William Bennett

Personal information
- Full name: William Bennett
- Place of birth: Leyland, England
- Height: 5 ft 10+1⁄2 in (1.79 m)
- Position: Inside forward

Senior career*
- Years: Team / Apps / (Gls)
- 1921–1922: Sheffield United / 0 / (0)
- 1922: Leyland Motors / ? / (?)
- 1922: Chorley / ? / (?)
- 1922–1923: Nelson / 1 / (0)
- 1923–1924: Leyland Motors / ? / (?)
- 1924–1925: Lytham / ? / (?)

= William Bennett (footballer) =

English footballer

William Bennett was an English professional footballer who played as an inside forward. Born in Leyland, Lancashire, he was spotted by Football League First Division side Sheffield United while playing non-league football with Leyland Motors. He moved to Sheffield in February 1921, but was released in January 1922 after failing to make a first-team appearance.

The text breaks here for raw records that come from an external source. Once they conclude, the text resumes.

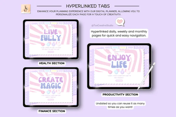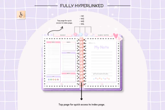 This planner includes hyperlinked daily, weekly, and monthly pages for quick and simple navigation. Because it is undated, you can start using it at any time and reuse it as often as needed. The package includes 1 fully hyperlinked 60-page horizontal planner along with instructions and guides, making setup easy for digital planner users.
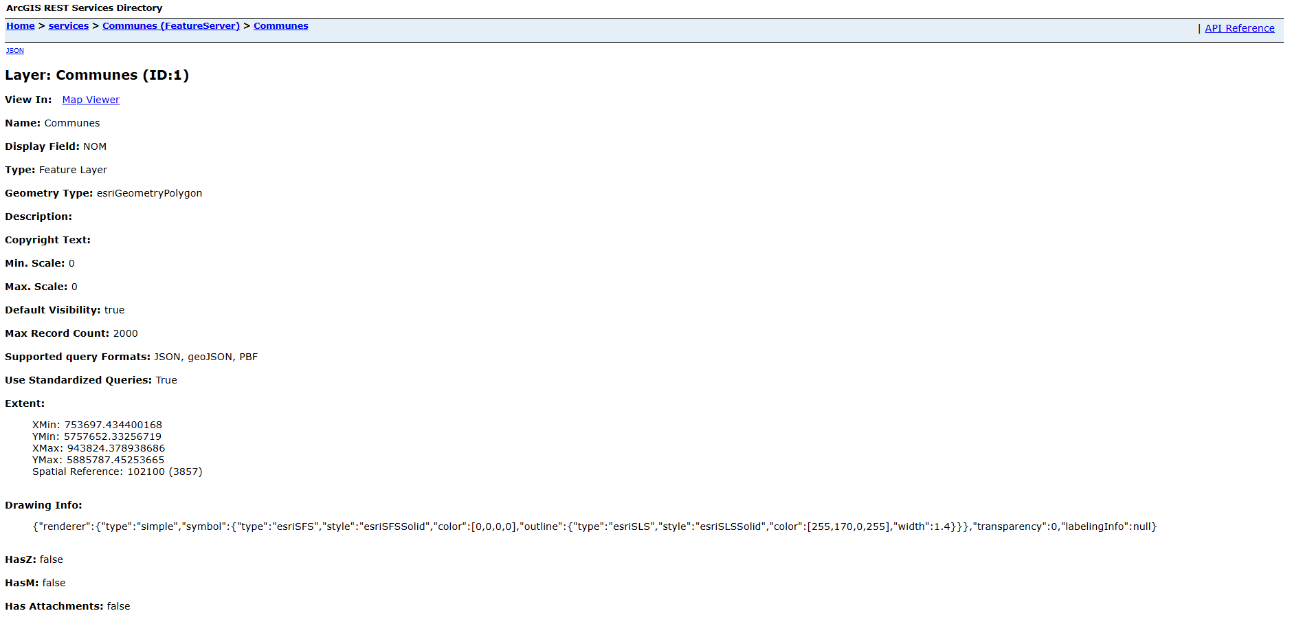 La zone d’information donne accès aux détails de la couche ainsi qu’à son service associé.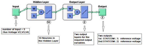 Although the PSO controller has a very high performance in solving the voltage regulation in the JSDN network, it is unable to respond right away to the dynamic changes in the network. Therefore, an ANN is proposed as an online mode to fulfill the voltage regulation quickly and accurately. Therefore, in this work, an ANN is trained and used to mitigate the real-time voltage deviation in JSDN, due to its high response compared to the PSO algorithm. The ANN can respond to different inputs and adapt its operation depending on the environment [38]. In this work, the ANN is trained by a Matlab-tool box and used for real-time solving of the voltage deviation in JSDN. It has two layers and ten neurons in the hidden layer, as shown in Figure 2. The dataset obtained by the PSO algorithm was used to train the ANN.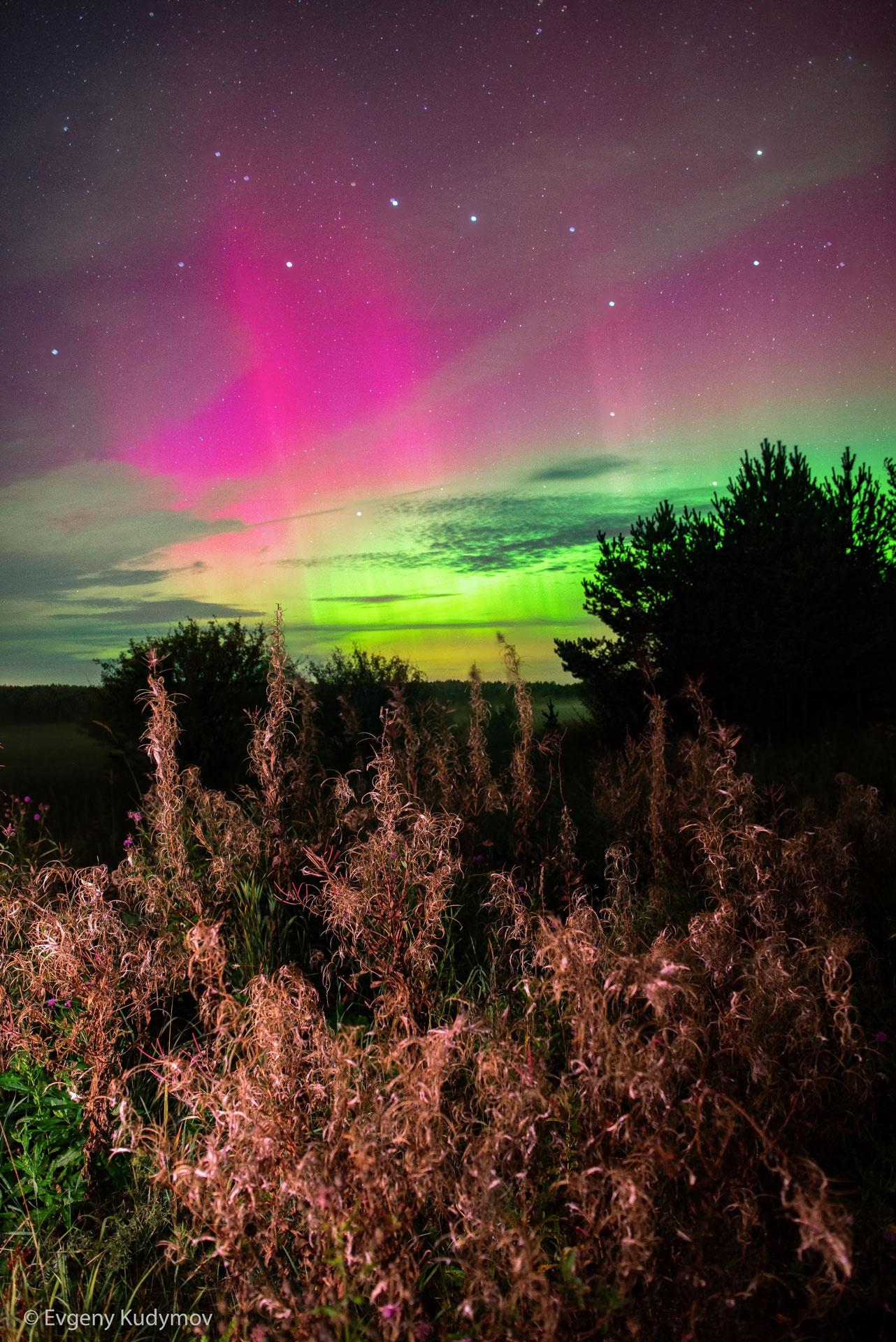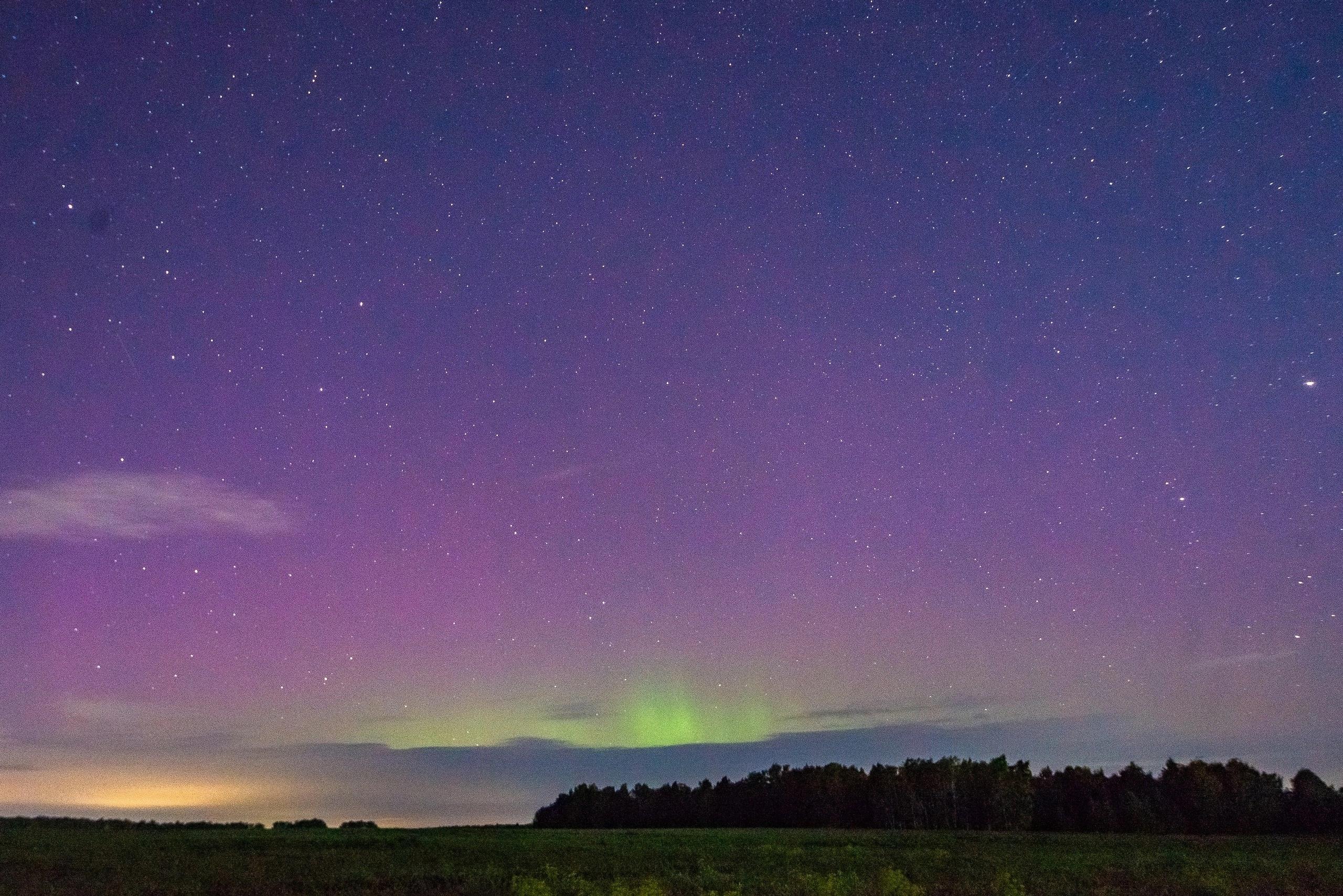 В объектив уральского астрофотографа Евгения Кудымова попало северное сияние над Уралом. Природное явление было запечатлено сегодня ночью.
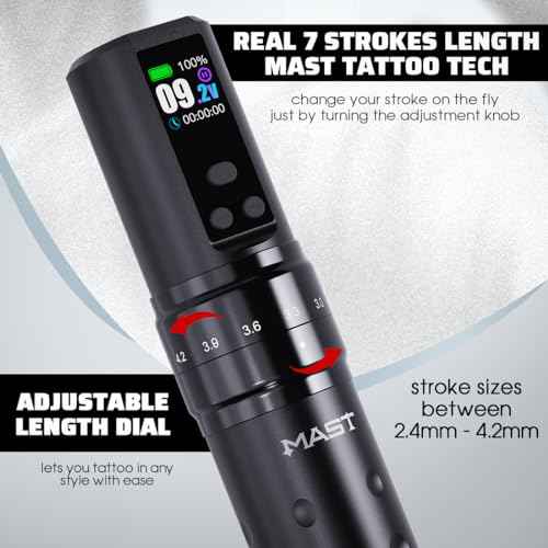 Mast Tattoo Fold2 Pro Tattoo Gun Kit Complete Tattoo Machine Kit 2000mAh Battery Supply Mcore-C1 Motor Real 7 Strokes Length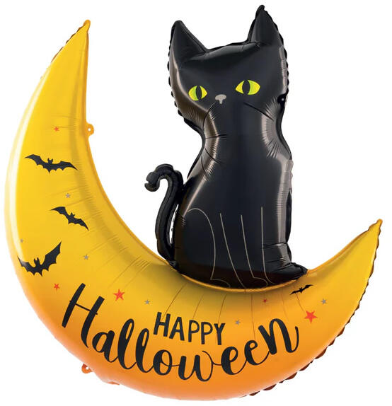 Halloween Fólia Lufi – Holdon Ülő Fekete Macska Ez a lenyűgöző fólia lufi a tökéletes dekoráció minden Halloween bulihoz. A lufin egy misztikus hangulatot árasztó fekete macska látható, amint a holdon ül, alatta pedig a "Happy Halloween" felirat olvasható. A lufi impozáns mérete (76,5 cm x 88 cm) garantáltan magára vonzza a figyelmet, legyen az bármilyen helyiségben elhely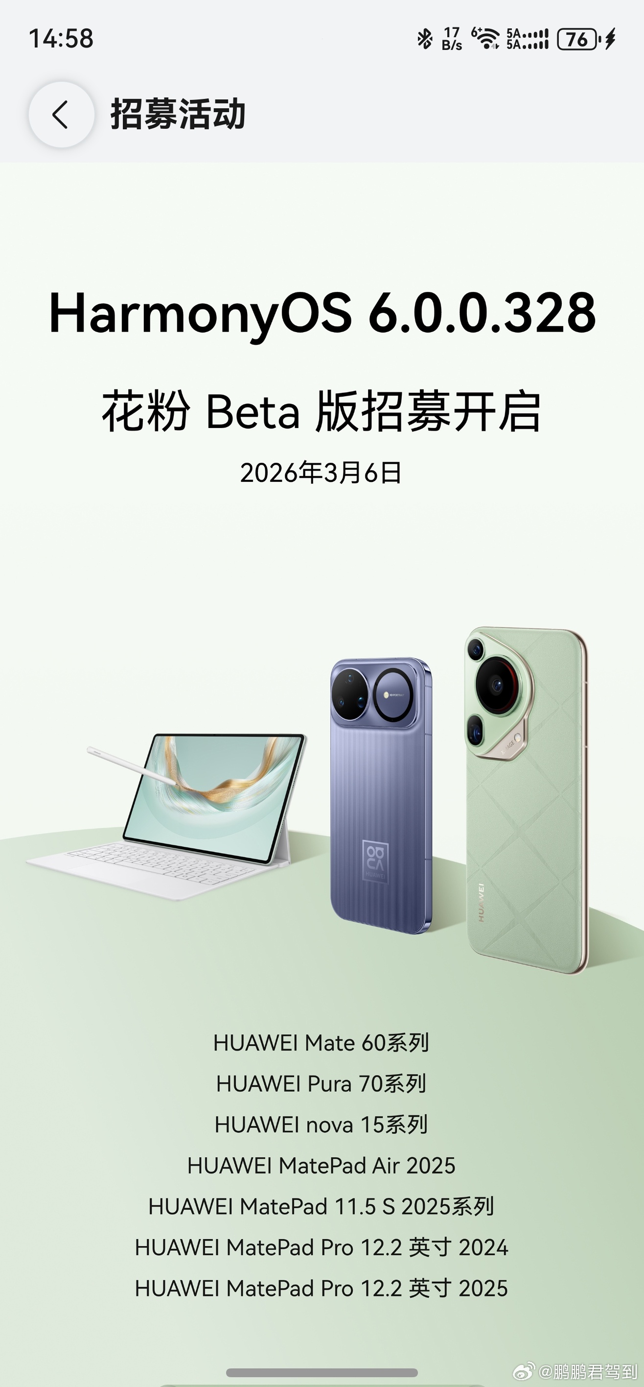 nova 15系列、Mate 60系列、Pura 70系列的 HarmonyOS 6.0.0.328花粉 Beta 版招募开启了!小伙伴可以在设置>搜索"软件更新(右上角::)">升级尝鲜,进行花粉 Beta 版报名。鸿蒙越用越香 我的鸿蒙体验 华为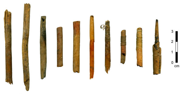 Historic-era arrow foreshaft fragments from a collection donated to Desert Archaeology. These are lightweight pieces of wood with diameters about half that of a standard yellow pencil. Sinew bindings, used to secure the arrow point into the split or slotted end of the foreshaft, are still present on the 2nd-4th pieces from the right. The rightmost foreshaft still has a sharpened wooden tip in place, with black resin used to adhesive still visible. Some of the foreshafts are painted (photo by R. J. Sliva).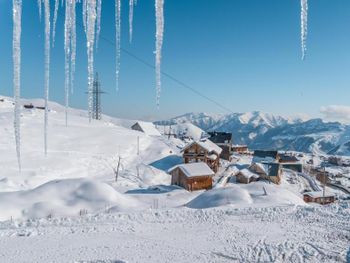 Крутой подъем к отелю, который плохо чистят, после снегопада без цепей не на полном приводе не заехать. У подножия надели цепи и после сильного снегопада на Nissan micra смогли заехать.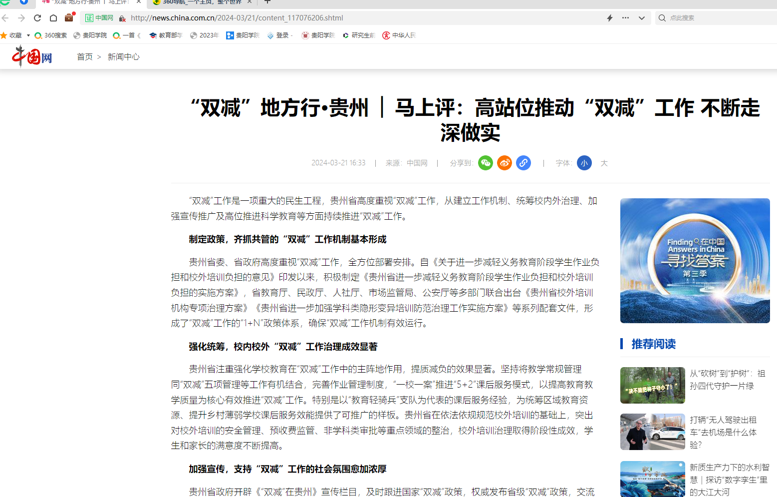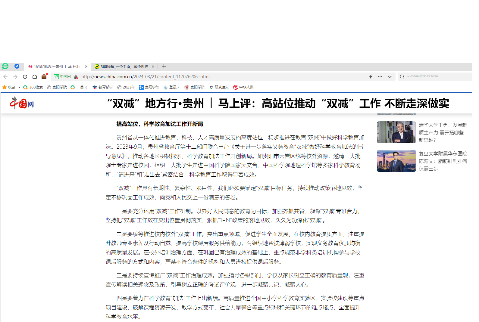 左成光在文章指出,“双减”工作是一项重大的民生工程,贵州省高度重视“双减”工作,从建立工作机制、统筹校内外治理、加强宣传推广及高位推进科学教育等方面持续推进“双减”工作。贵州省从一体化推进教育、科技、人才高质量发展的高度站位,稳步推进在教育“双减”中做好科学教育加法,并对贵州省今后如何在科学教育“加法”工作上出新绩提出了建议,将助力我省贯彻落实教育部等十八部门联合发布《关于加强新时代中小学科学教育工作的意见》及贵州省教育厅等十二部门联合发布《关于进一步落实义务教育“双减”做好科学教育加法的指导意见》等文件。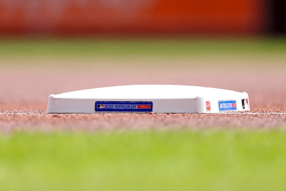 A view of third base in honor of Jackie Robinson Day prior to the start of the game between the Boston Red Sox and Minnesota Twins at Target Field on April 15, 2026, in Minneapolis, Minnesota.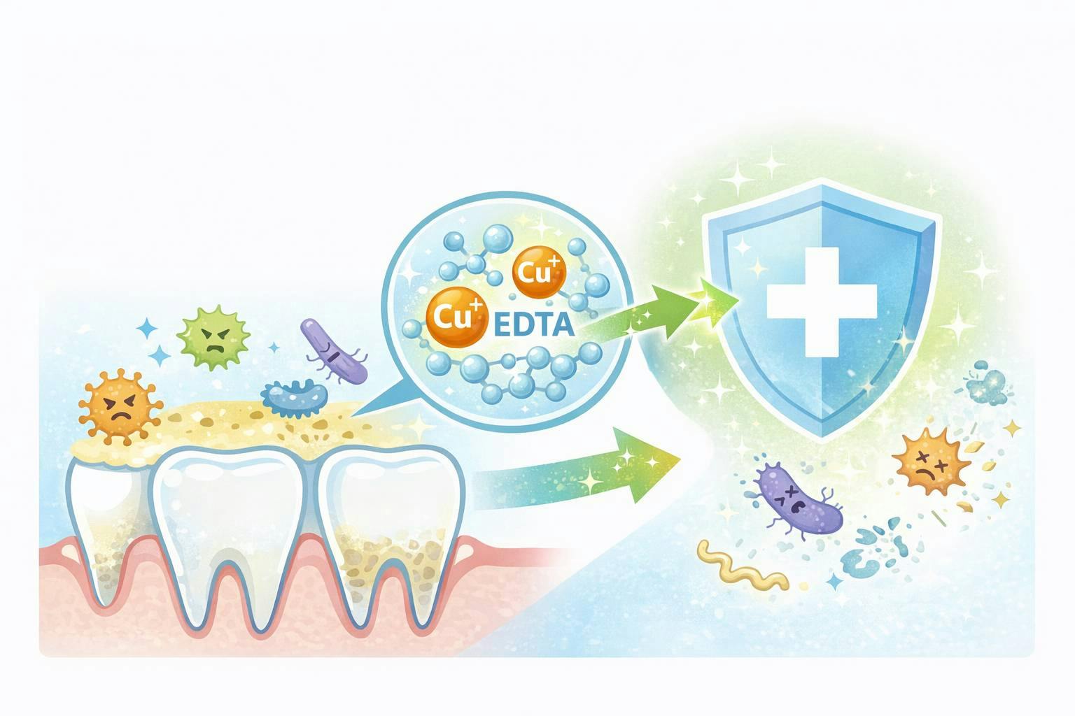 キレート銅イオンは、歯周病の原因となる複数の口内細菌に対して、特定せずに幅広く働きかけることを目的とした技術です。この仕組みは、人体への影響を抑えながら細菌の増殖を抑制することを前提に設計されています。 ※詳しい作用機序については、別途ホームページにてに公開しております。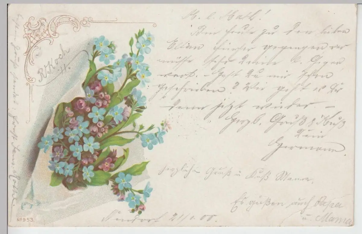 - (100243) Künstler Ansichtskarte, postcard, PPC - Vergißmeinnicht 1900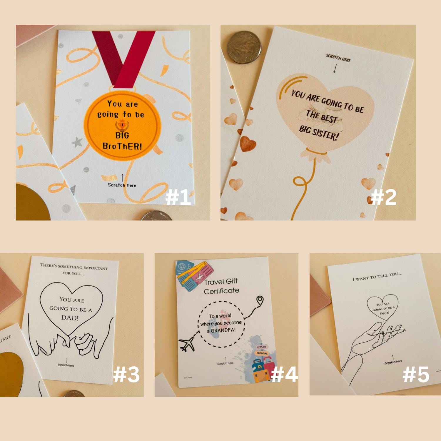 Surprise our loved ones with fun and memorable pregnancy announcement! Our scratch-off cards feature a stylish design with a hidden message under a heart-shaped scratch area.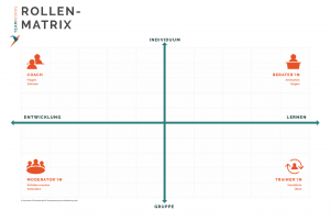 Der Weg durch unterschiedliche Rollen lässt sich leicht auf unserer Rollenmatrix nachzeichnen: Man besucht mehrere Quadranten. Sehr hilfreich ist es dabei zu verstehen, wo man sich gerade bewegt und warum der Rollenwechsel sinnvoll für das Team ist.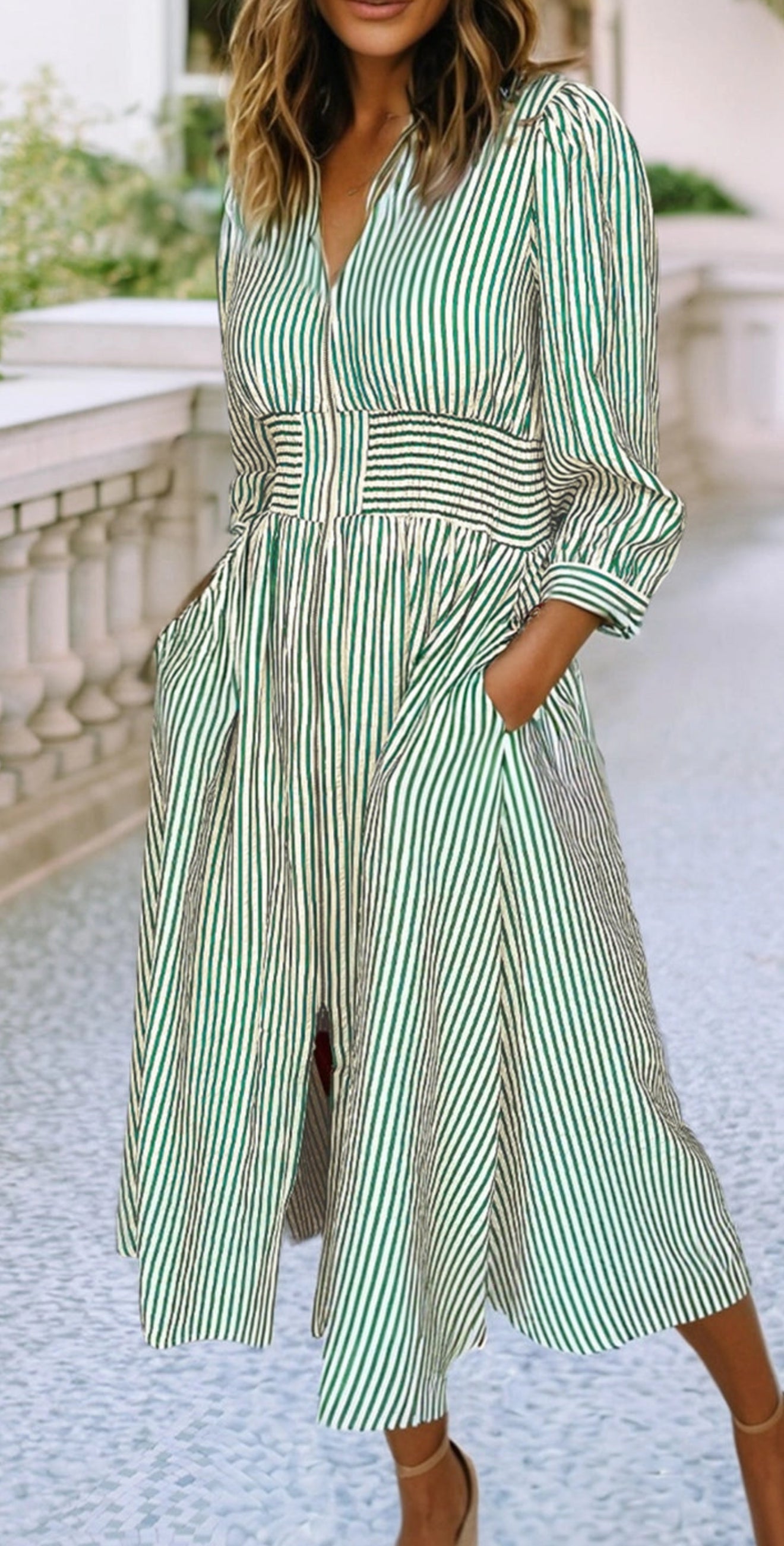 Cinched Waist striped dress with three quarter sleeves ✨ Effortlessly chic with a flattering V-neck. 🔗 Zip front closure for easy wear. 👗 Cinched high waist shapes your figure. Side pockets Color: Green Length: 49" Sizing: Small(2-4) Medium(6-8) Large(10-12) XL...
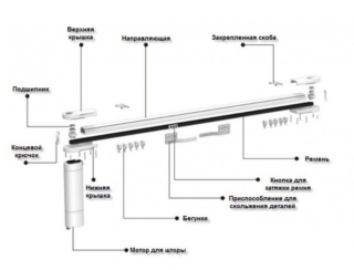 Раздвижной механизм для штор устанавливается на классические горизонтально закрывающиеся занавесы — гардины, портьеры и на японские изделия панельного типа. Конструкция раздвижных электронных карнизов сложнее, она состоит из: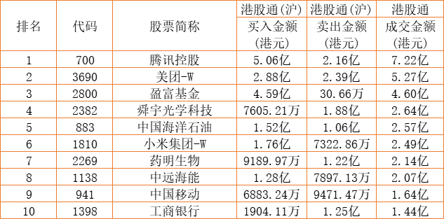 港股通(沪)买卖前十股(单位:港元):

Bennett subsequently rejoined Leyland Motors, but his stay was short-lived as he joined Chorley in March 1922. At the end of the season, he was signed by Football League Third Division North outfit Nelson. He initially played in the reserve team, but was called up to the first-team for the match against Rochdale on 25 November 1922 due to an injury to regular inside forward Arthur Wolstenholme. Bennett did not make an impact on the match as Nelson fell to a 1–2 defeat, and he returned to the reserves for the remainder of the campaign.

In March 1923, he again re-signed for Leyland Motors where he stayed until September 1924, when he joined Lytham. He left the club in 1925 and retired from football.